Unidentified Analyst: And then, when you – of the $1.6 billion, I guess you put that $1.6 billion in different buckets. One bucket would be purchase orders and production. And then it goes from there all the way to perhaps just some new program that’s just kind of been talked about, but you haven’t really – no, I guess if it’s committed, it’d have to be committed to be part of the qualified, right?
Gene Sheridan: No, qualified as to meet [ph] the criteria set. So it’s a committed production program, not committed to us, but the customer is committed to going to production. We have a good technical fit. We have a strong value prop and high interest to use our product. But let me clarify too, it’s a development pipeline. So once the products go to production, we actually remove them from the pipeline. So it’s from the first qualification stage, committed production with high interest in technical fit to our product through to preproduction. Once it goes to production, we then count that in our production forecast. So for that number to grow, the number of additional programs going into the pipeline needs to exceed those products that are going from the pipeline into production.

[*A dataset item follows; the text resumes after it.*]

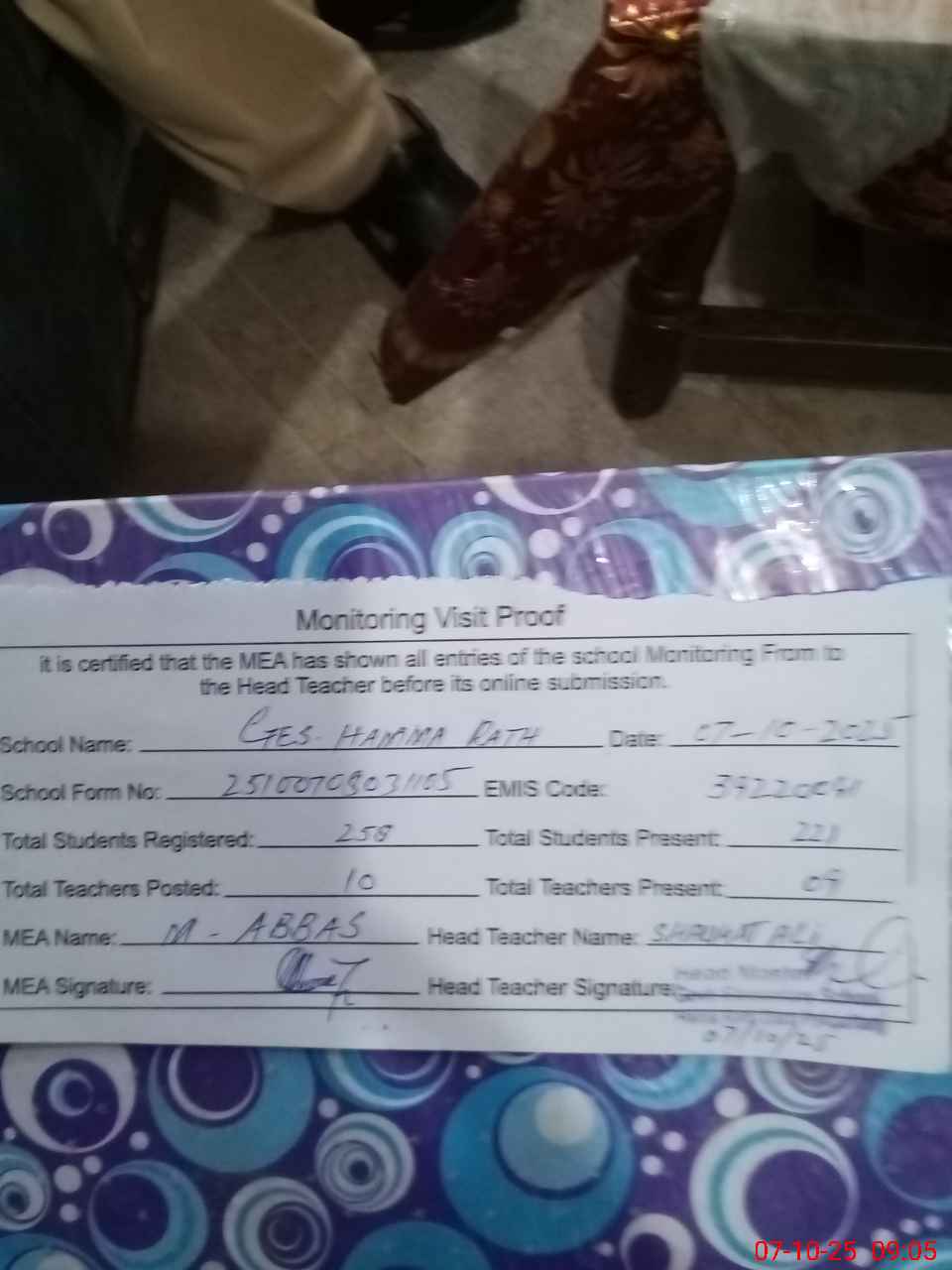 | Monitoring Date: 07-10-2025 | Start Time: 07-10-2025 08:03 AM | End Time: 07-10-2025 09:06 AM | Name of MEA: Mu**** Ab**** | |

Unidentified Analyst: Okay. Yeah, that’s remarkable. Thanks so much.
Gene Sheridan: One other clarification too, Richard, it’s a lifetime estimate. So that’s not an annual revenue. The lifetime of these programs were trying to be super conservative. Some could in theory last 5 or 10 years, but we don’t want to be too optimistic. So we generally assume about a 3- or 4-year lifetime for the more industrial markets, and mobile consumer we assume they run for about one year. So you have to factor in the lifetime of the product when you’re thinking about how that might translate into our revenue in future periods.
Unidentified Analyst: Great. It’s great. Thank you.
Gene Sheridan: You bet. Thanks, Richard.
Operator: Your next question comes from the line of Richard Shannon with Craig-Hallum. Please go ahead.
Richard Shannon: Hi, guys. Thanks for taking my question as well. Maybe I’ll focus on one of the markets that’s doing relatively better right now being in the mobile space here. I think a couple of quarters ago, or maybe it was more than two, you talked about a couple of your charger customers committing to like 30% usage of GaN here with higher levels of power. Your conversations you’re having with both aftermarket guys and I guess, more importantly, on the OEM side here, what do you think in terms of commitment to ramp with the higher 65-watt and above? I mean, I can tell you from my perspective having multiple Navitas gifted chargers in my possession looking at one of them right here, I mean the value proposition is so high, it seems like it would be a fairly fast conversion. So what do you get in a sense in terms of those conversations and what’s their pushback or delay in committing to something like that?